*** DATA BLOCK Section Begins ***

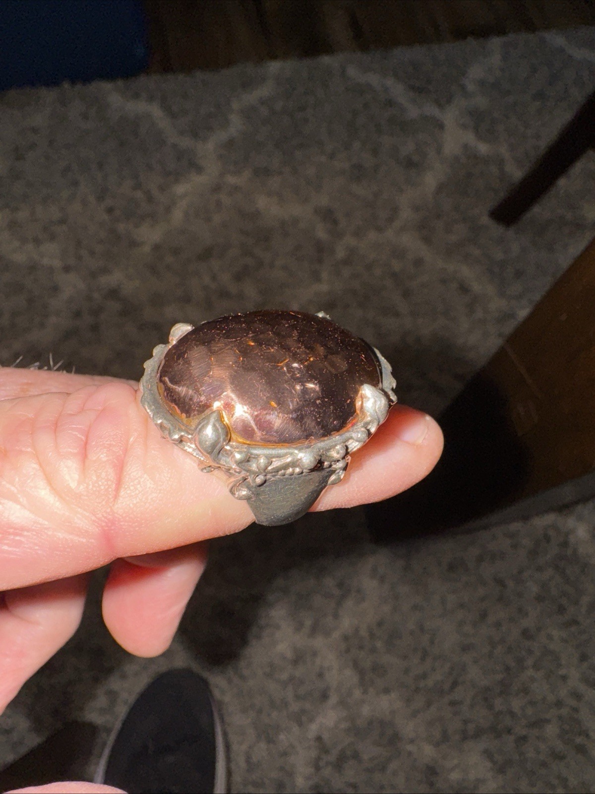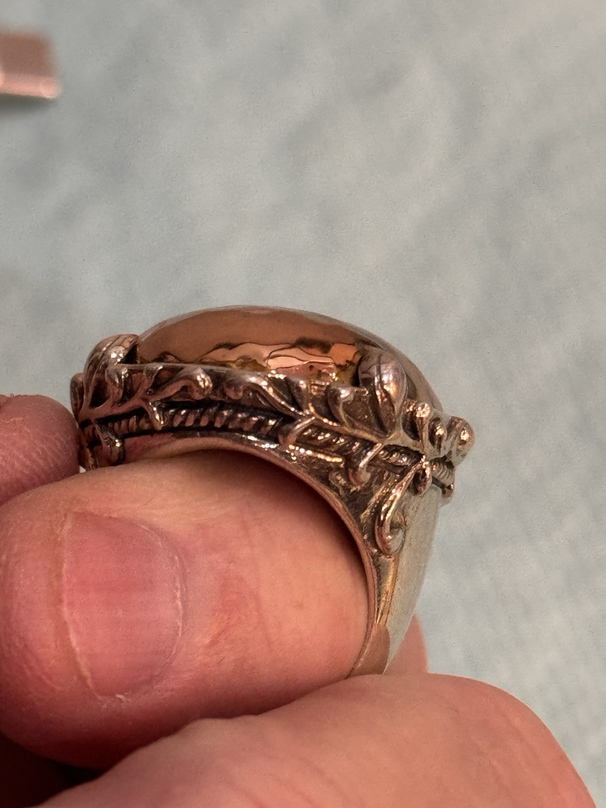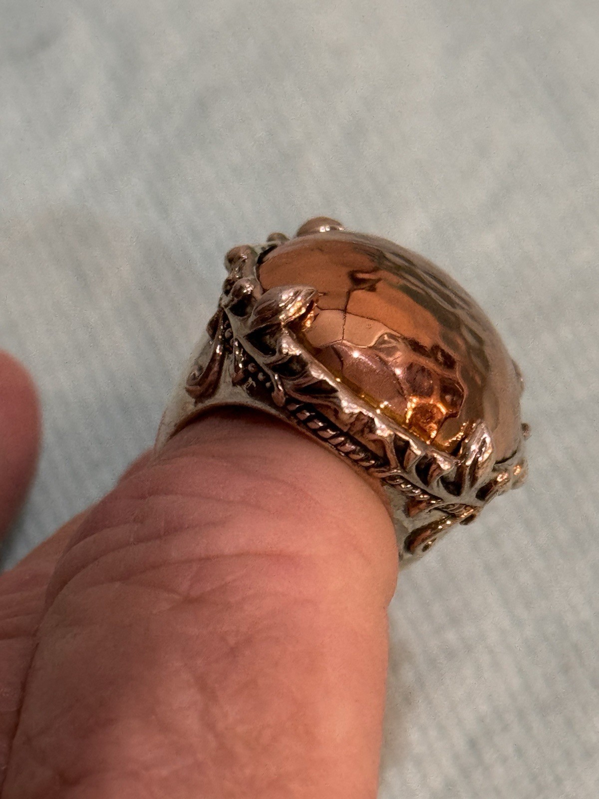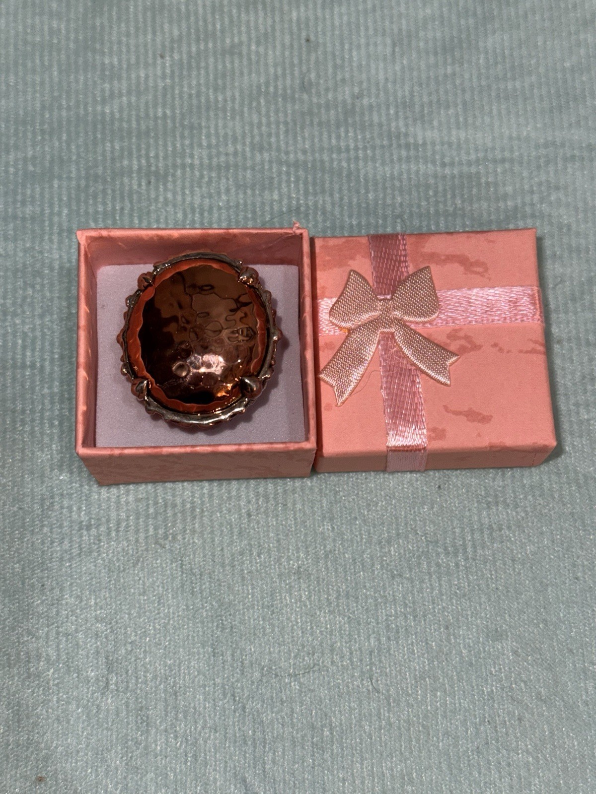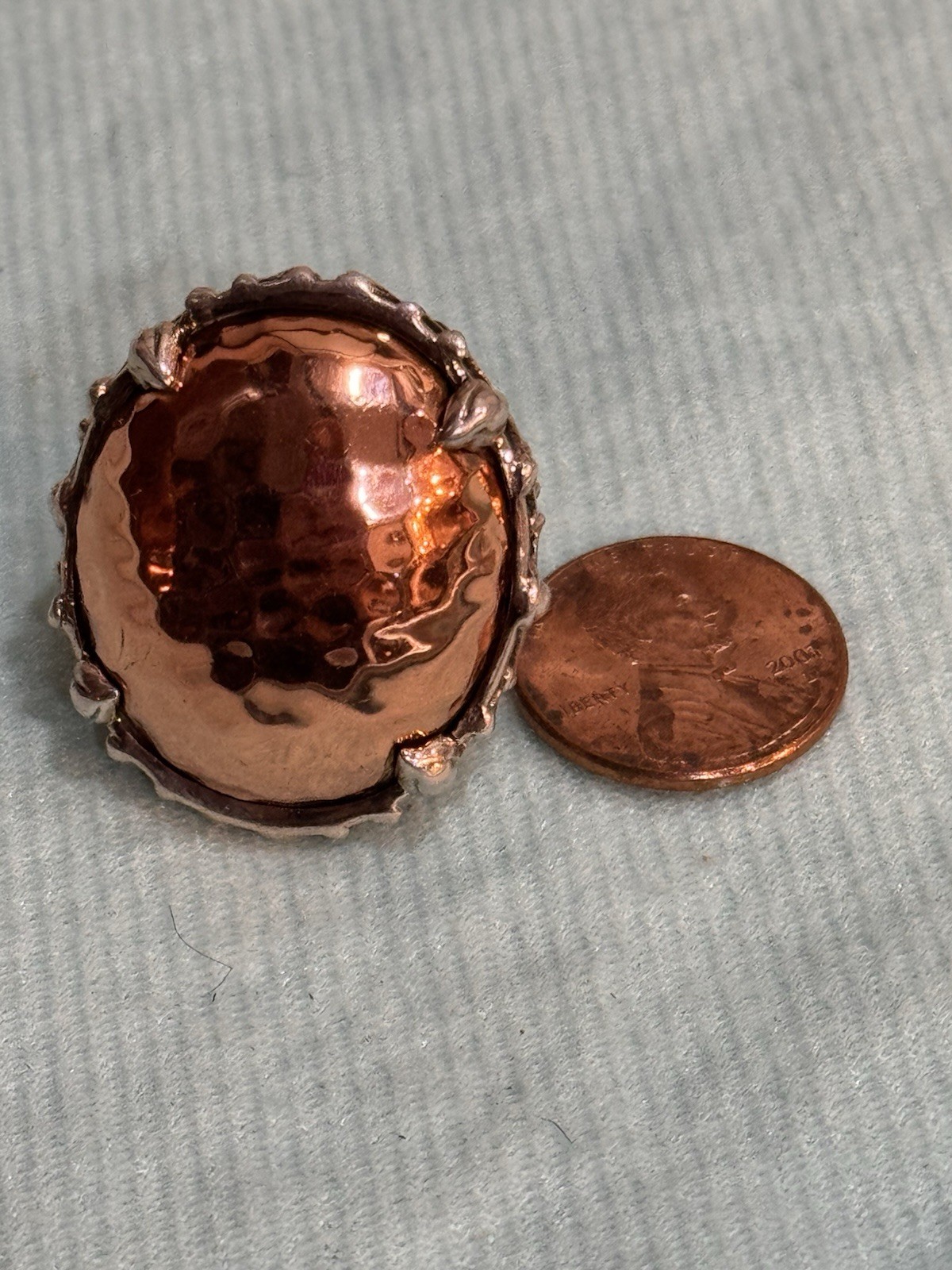 как выглядит New Hammered Copper In A Silver Metal Statement Ring Size 7 1.1/8 L x .7/8 W. фото
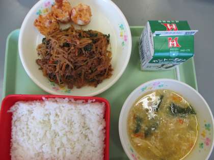今日の給食の献立は 麦ごはん 揚げ豆腐シュウマイ 麻婆春雨 卵とコーンの中華スープ です。 カロリーは,865㎉です。
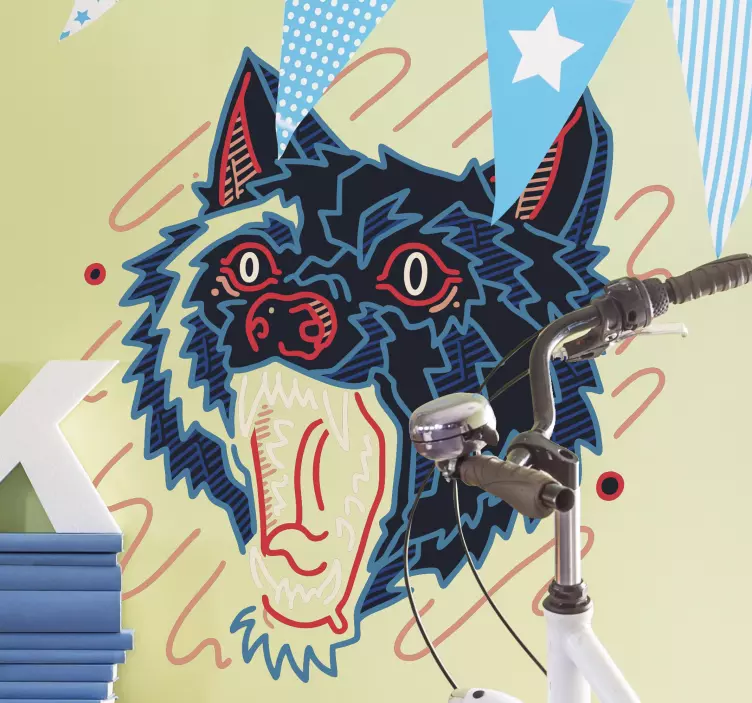 Referenz: A47966Eine auffällige Grafik eines heulenden Wolfs präsentiert kräftige Farben und dynamische Linien. Der wütende Ausdruck des Wolfs und die übertriebenen Merkmale schaffen eine verspielte, aber kraftvolle visuelle Darstellung, die perfekt ist, um jeden Raum zu beleben. Dieses Design fängt das Wesen von Wildheit und Geist ein und spricht Tierliebhaber und Fans einzigartiger Kunst an.

*** DATA BLOCK Section Ends ***

* **HOW TO COMPLETE THIS TASK**: A word-for-word copy of the listing is needed. It must not include the pictures.

* **FINAL ANSWER**:
 как выглядит New Hammered Copper In A Silver Metal Statement Ring Size 7 1.1/8 L x .7/8 W. фото
今日の給食の献立は 麦ごはん 揚げ豆腐シュウマイ 麻婆春雨 卵とコーンの中華スープ です。 カロリーは,865㎉です。
 Referenz: A47966Eine auffällige Grafik eines heulenden Wolfs präsentiert kräftige Farben und dynamische Linien. Der wütende Ausdruck des Wolfs und die übertriebenen Merkmale schaffen eine verspielte, aber kraftvolle visuelle Darstellung, die perfekt ist, um jeden Raum zu beleben. Dieses Design fängt das Wesen von Wildheit und Geist ein und spricht Tierliebhaber und Fans einzigartiger Kunst an.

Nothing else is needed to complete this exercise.